What This Visualization Shows

This data visualization displays "[OC] Panel Regression with Fixed Effects - Shootings per Neighborhood in Rio" and provides a clear visual representation of the underlying data patterns and trends. The visualization focuses on NegativeBinomial Regression Results ============================================================================== Dep. Variable: y No. Observations: 1368 Model: NegativeBinomial Df Residuals: 1358 Method: MLE Df Model: 9 Date: Fri, 19 Jun 2026 Pseudo R-squ.: 0.02560 Time: 22:34:19 Log-Likelihood: -4792.0 converged: False LL-Null: -4917.9 Covariance Type: cluster LLR p-value: 4.195e-49 ============================================================================== coef std err z P>|z| [0.025 0.975] ------------------------------------------------------------------------------ const -3.6334 1.056 -3.439 0.001 -5.704 -1.563 hdi -4.3635 1.244 -3.509 0.000 -6.801 -1.926 year_2018 0.3801 0.069 5.524 0.000 0.245 0.515 year_2019 0.0711 0.083 0.857 0.392 -0.091 0.234 year_2020 -0.3883 0.085 -4.551 0.000 -0.555 -0.221 year_2021 -0.4204 0.108 -3.899 0.000 -0.632 -0.209 year_2022 -0.4602 0.133 -3.451 0.001 -0.722 -0.199 year_2023 -0.6527 0.135 -4.823 0.000 -0.918 -0.387 year_2024 -0.8031 0.135 -5.934 0.000 -1.068 -0.538 year_2025 -0.7968 0.179 -4.444 0.000 -1.148 -0.445 alpha 1.0039 0.093 10.775 0.000 0.821 1.187 ============================================================================== The coefficient 'const' is statistically significant (p-value: 0.0006) The coefficient 'hdi' is statistically significant (p-value: 0.0005) The coefficient 'alpha' is statistically significant (p-value: 0.0000)

log(E[Y_it / Pop_it]) = B_0 + B_1(HDI_i) + Σ γ_t(D_t)

Model Coefficients: B_0 = -3.6334 (p-value: 0.0006, significant) B_1 (HDI) = -4.3635 (p-value: 0.0005, significant)

Year Fixed Effects (γ_t): γ_2018 = +0.3801 (p-value: 0.0000, significant) γ_2019 = +0.0711 (p-value: 0.3916, not significant) γ_2020 = -0.3883 (p-value: 0.0000, significant) γ_2021 = -0.4204 (p-value: 0.0001, significant) γ_2022 = -0.4602 (p-value: 0.0006, significant) γ_2023 = -0.6527 (p-value: 0.0000, significant) γ_2024 = -0.8031 (p-value: 0.0000, significant) γ_2025 = -0.7968 (p-value: 0.0000, significant)

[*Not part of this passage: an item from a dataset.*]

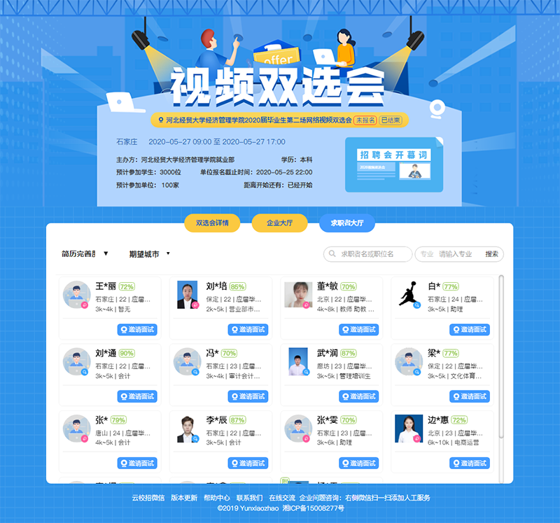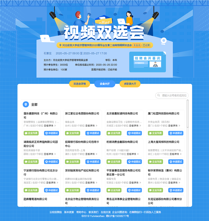为持续推进学院毕业生就业工作,保障疫情期间毕业生顺利就业,beat365于5月27日在成功举办了2020届毕业生第二场网络视频双选会。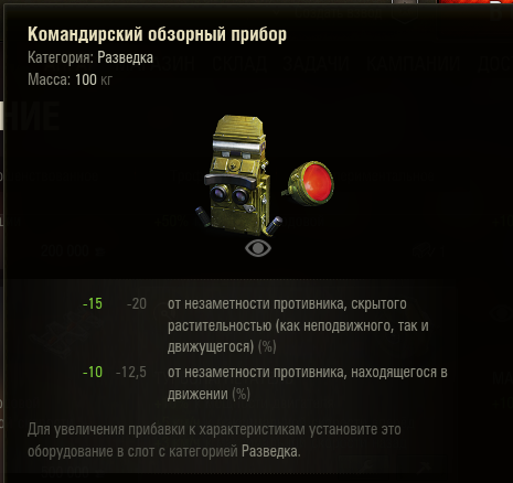 Здравствуйте! Я не понимаю, как работает командирский обзорный прибор, объясните, пожалуйста. Проверял в движении и в кустах, в движении результат получился достоверный, а вот в кустах не получается. Маскировка STB-1: 27,3% Обзор Об.140: 429м Проверяю с какого расстояния засвечу STB-1 с учётом командирского прибора через 1 плотный куст (50%) По формуле результат: 429-50=379 (обзор 140) 27,3+50=77,3 (маскировка STB-1 + 1 куст) 77,3\100=0,773*15=11,595 (эффект от Командирского прибора) 77,3-11,595=65,705 (итоговая маскировка STB-1 с учётом куста и ком.прибора) 379\100=3,79*65,705=249,02195 (отнимет маскировка STB-1 у Об.140) 379-249,02195=129,97805+50=179,97805 (теоретическое расстояние засвета STB-1) Фактический же результат при проверке в тренировочной комнате, составил 162 метра. ВОПРОС: где я ошибся или чего я ещё не знаю, не учёл?

Per Capita Shooting Rate = exp(-3.6334 -4.3635 · HDI + year effects)

A 0.1 increase in HDI is associated with a reduction of 35.4% in per capita shooting occurrence rate.

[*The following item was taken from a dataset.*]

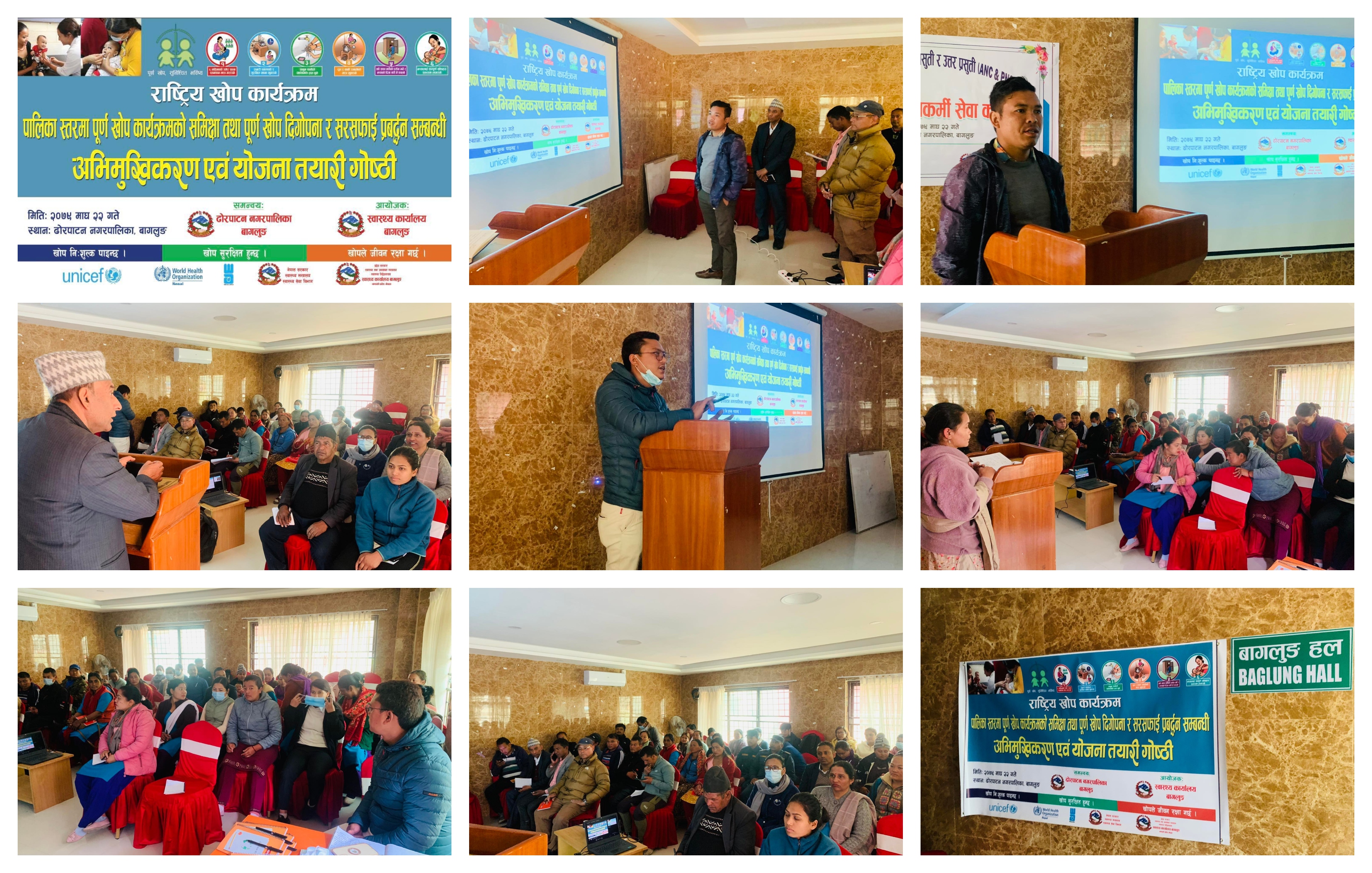 पालिकाका नगर उप प्रमुख श्री धन बहादुर कायत ज्यूको अध्यक्षता, प्रमुख प्रशासकीय अधिकृत श्री विष्णु प्रसाद ज्ञवाली ज्यूको विशिष्ट आतिथ्यतामा कार्यक्रम सम्पन्न भएको थियो । उक्त कार्यक्रम नगरपालिकाका स्वास्थ्य शाखा प्रमुख तथा जनस्वास्थ्य निरिक्षक श्री केशव थापाको स्वागत, स्वास्थ्य कार्यालय बागलुङका खोप सुपरभाइजर श्री राजु खत्रीको सहजिकरण र नगरपालिकाका पोषण तथा सरसफाई सहजकर्ता वेली कुमारी भुजेलको संचालनमा भएको थियो ।

Following the series of [posts](https://www.reddit.com/r/dataisbeautiful/comments/1u91djc/oc_the_routine_of_rio_de_janeiros_shooting/) regarding my work with [Instituto Fogo Cruzado](https://fogocruzado.org.br)'s Rio de Janeiro city-wide shooting data, worked on a panel regression approach to learn more about the neighborhood specific dynamics.

This regression is using population as an offset (that way, the effect a more populated neighborhood has in its shooting data is removed) and also, treating for year related fixed effects.

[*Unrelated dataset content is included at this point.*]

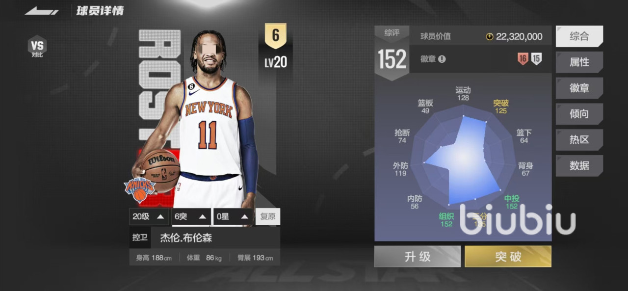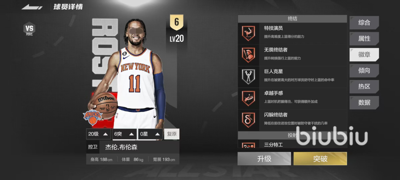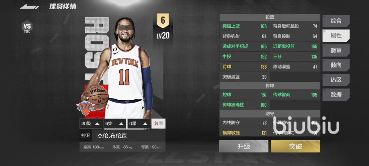 布伦森全称是杰伦布伦森,是一名很出色的控球后卫,他的身高188厘米,体重86千克,臂展193厘米,在后卫中还是属于中规中矩的模板。作为一名后卫,他的突破能力非常强,组织、三分和中投这些属性也都比较抢眼,更重要的是他拥有16枚铜徽章和15枚银徽章,在徽章方面就碾压了很多选手。徽章的分布方面,其中投射一共有12枚,组织有14枚,终结有5枚,除了防守之外,其他方面几乎都可以打出很好的效果。

Thoughts on the results? Visualization made with matplotlib + seaborn., which allows us to understand complex relationships and insights within the data through visual storytelling.

Deep Dive into the Topic

This data visualization represents a sophisticated analysis of complex information patterns that provide valuable insights into underlying trends and relationships. Data visualization serves as a bridge between raw numerical data and human understanding, transforming abstract statistics into comprehensible visual narratives.

The power of data visualization lies in its ability to reveal patterns, outliers, and correlations that might not be apparent in traditional tabular formats. Through careful selection of chart types, color schemes, and interactive elements, effective visualizations can communicate complex information quickly and accurately to diverse audiences.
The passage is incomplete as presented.